Jest wyrok Trybunału Sprawiedliwości UE w sprawie #PuszczaBiałowieska : PL uchybiła dyrektywom unijnym prowadząc wycinkę bez zabezpieczenia środków ochronnych. Trybunał uznał skargę KE. Ale NIE oznacza to kar finansowych dla PL, poza kosztami sądowymi. @tvp_info pic.twitter.com/FCnk1JWA4m
— Dominika Cosic (@dominikacosic) 17 kwietnia 2018
Wyrok nie wiąże się z żadnymi karami finansowymi, bo Polska wycofała ciężki sprzęt z Puszczy. Gdyby jednak doszło do wznowienia wycinki, wówczas Komisja mogłaby wnioskować o sankcje finansowe.

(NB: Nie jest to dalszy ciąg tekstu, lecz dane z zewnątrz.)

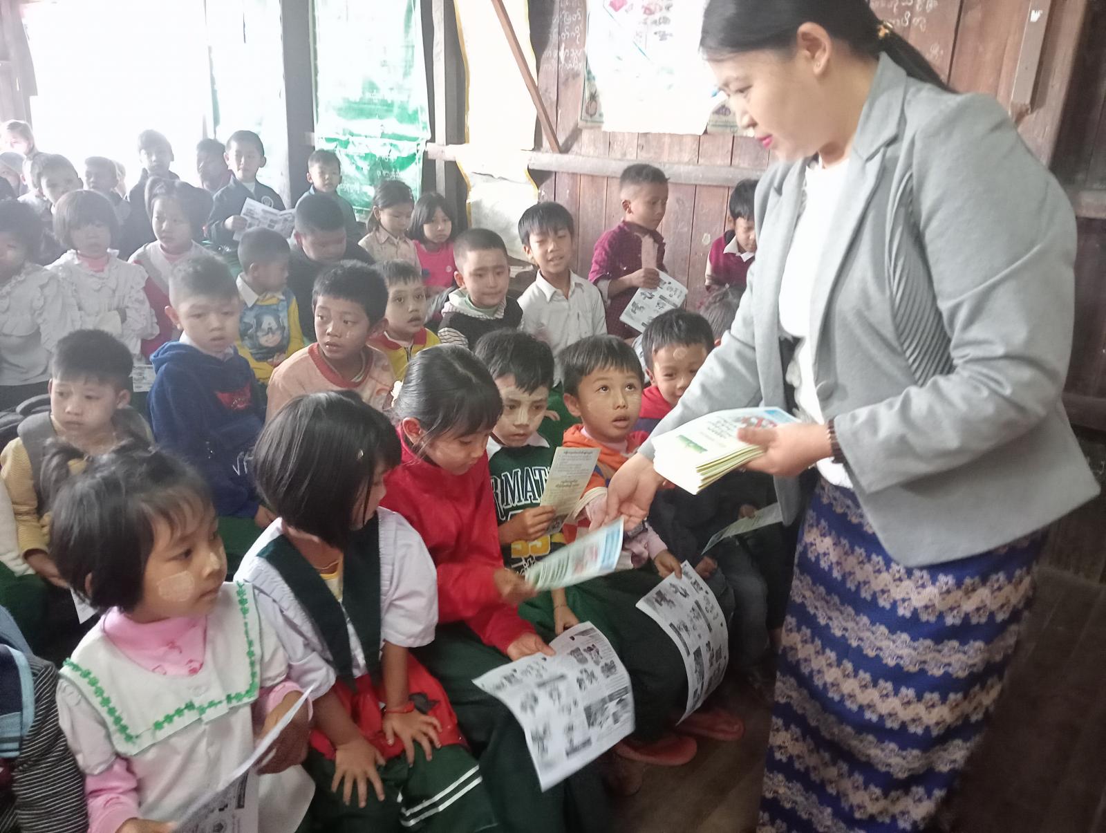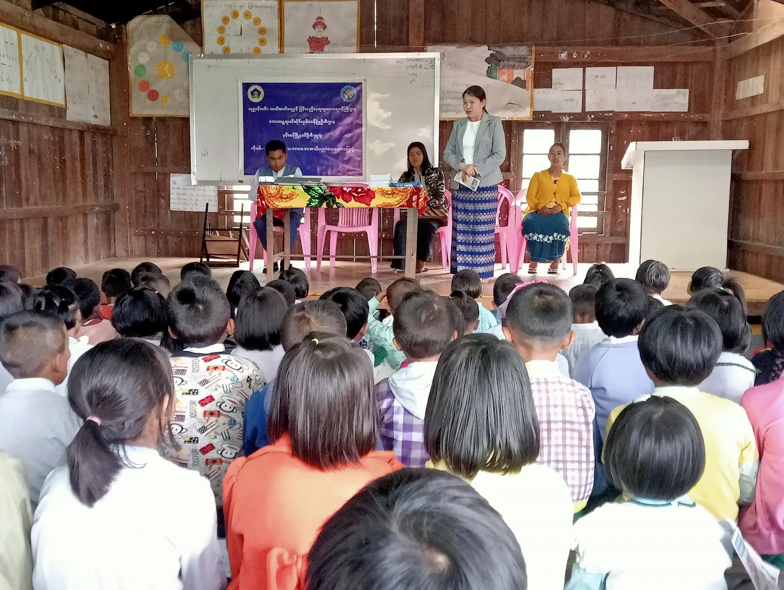 ရှေးဦးစွာ လူမှုဝန်ထမ်း၊ ကယ်ဆယ်ရေးနှင့် ပြန်လည်နေရာချထားရေးဝန်ကြီးဌာန၊ ဘေးအန္တရာယ်ဆိုင်ရာ စီမံခန့်ခွဲမှုဦးစီးဌာနမှ ဒုတိယဦးစီးမှူး ဦးထွန်းအောင်ဝေမှ သဘာဝဘေးအန္တရာယ်နှင့်သက်ဆိုင်သည့် အကြောင်းအရာများအား အကျယ်တဝင့် ရှင်းလင်းပြောကြားခဲ့ရာ၊ မုန်တိုင်းဘေးအတွက် ကြိုတင်ပြင်ဆင်ရန်လိုအပ်သည့် အချက်များ၊ မုန်တိုင်းများ၏ အန္တရာယ်ကို နားလည်သဘော လွယ်စေရန်အရောင်ဖြင့် သတိပေးစနစ်များ ရှိပါကြောင်းနှင့် အရောင်အညွှန်းနှင့် လုပ်ဆောင်ရမည့်လုပ် ငန်းများအား ရှင်းလင်းပြောကြားခြင်း၊ မုန်တိုင်းဖြစ်ပြီးချိန်တွင် ရှောင်ရှားသင့်သည့် အချက်များအား ရှင်းလင်းပြောကြားခဲ့သည်။ ဆက်လက်ပြီး ပြန်ကြားရေးနှင့်ပြည်သူ့ဆက်ဆံရေးဦးစီးဌာနမှ ဦးစီးအရာရှိ ဒေါ်နန်းထားထားလှိုင်က ယနေ့ ဇွန်လ(၂၆)ရက်နေ့သည် အပြည်ပြည်ဆိုင်ရာ မူးယစ်ဆေးဝါး အလွဲသုံးမှုနှင့် တရားမဝင်ရောင်းဝယ်မှု တိုက်ဖျက်ရေးနေ့ဖြစ်ကြောင်း၊ ကျောင်းသားသူငယ်များအနေဖြင့် မူးယစ်ဆေးဝါးများ မသုံးစွဲသင့်ကြောင်းနှင့် မူးယစ်ဆေးဝါးအန္တရာယ်အကြောင်း အသိပညာများကို ဟောပြောခဲ့ကြောင်းနှင့် ကလေးအလုပ်သမားပပျောက်ရေးအကြောင်း ဟောပြောခဲ့ကြောင်း သိရသည်။

Zgodnie za zapowiedzią dostosujemy się do wyroku Trybunału Sprawiedliwości UE ws. Puszczy Białowieskiej
- podkreślił rzecznik resortu środowiska Aleksander Brzózka.
Czekamy na oficjalną treść wyroku, jednak zgodnie z tym, co mówił minister Henryk Kowalczyk, Polska dostosuje się do decyzji Trybunału Sprawiedliwości UE
- powiedział rzecznik.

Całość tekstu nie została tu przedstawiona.